Complexity surface area
With 3,800+ files and 70+ crates, Codex is one of the larger repos in
this study. The modular architecture helps, but the learning curve for
contributors is steep — particularly for understanding the interplay
between core, tools, execpolicy,
and sandboxing.
No built-in learning loop
Unlike Hermes, Codex does not learn from prior sessions or refine its own procedures over time. Its skills system is static (bundled at compile time) rather than adaptive.
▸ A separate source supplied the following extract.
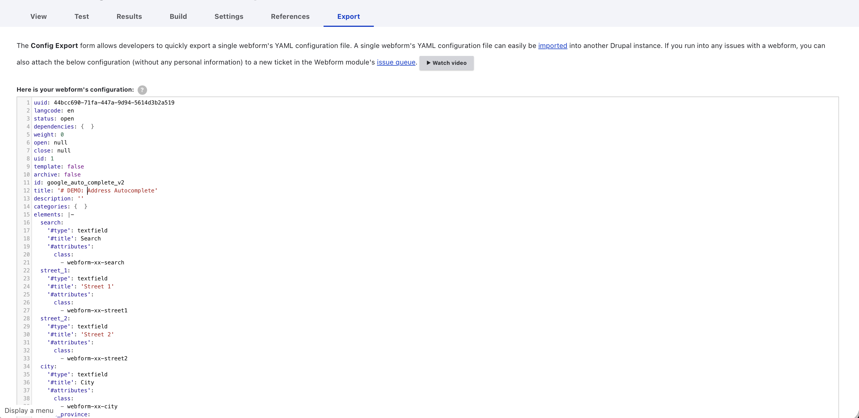Create a plain text field in webform to use as the “search field” for address, see screenshotFor all the fields relating to address add custom class to be used later by JavaScript (here is an example: screenshot of add.webform-xx-street1class to the field “Street1”)Add the following JavaScript (at Webform > Settings > CSS/JS) that uses Google Place API to fill address: demo-auto-complete.js (*alternatively if you don’t want to expose your API in the webform Drupal backend settings, you can also include the Place API via Drupal library: your-theme-name.libraries.yml, page–webform.html.twig; Here’s a full example webform that uses this approach: webform-export-yaml-file and where-to-past-it-to-screenshot)Review the outcome of step1 to step3: outcome-gif (if your API key is invalid you might see your search box turn grey (invalid) and get the following error in your console:Failed to load resource: the server responded with a status of 403 ), see screenshot: sample-console-error-api-invalid)You can go one step further and have multiple pairs of “search + street/city/state/post input” as well, see the demo javascript file: auto-complete-multiple-input.js, and here’s the final outcome: multiple-autocomplete-example

Memory, if any, is limited to the SQLite session history without automated skill extraction.
Rust-only contribution barrier
The entire runtime is Rust. While this ensures performance and safety, it limits the pool of potential contributors compared to TypeScript or Python agents where the barrier to entry is lower.
Where Codex fits in the landscape
Codex occupies a space between Claude Code and Crush: like Claude Code, it is a deeply integrated product with its own runtime, tool catalog, permission system, and TUI; like Crush, it is a native binary (Rust, not Go) with a strong emphasis on correctness, sandboxing, and cross-platform distribution. But Codex stands apart in its bidirectional MCP support, its multi-agent job execution framework, and its IDE extension ecosystem.
If Claude Code is the most Anthropic-native agent, Codex is the most OpenAI-native one. But unlike Claude Code's tight coupling to Anthropic's ecosystem, Codex at least attempts provider extensibility — even if the wire protocol remains Responses API-shaped.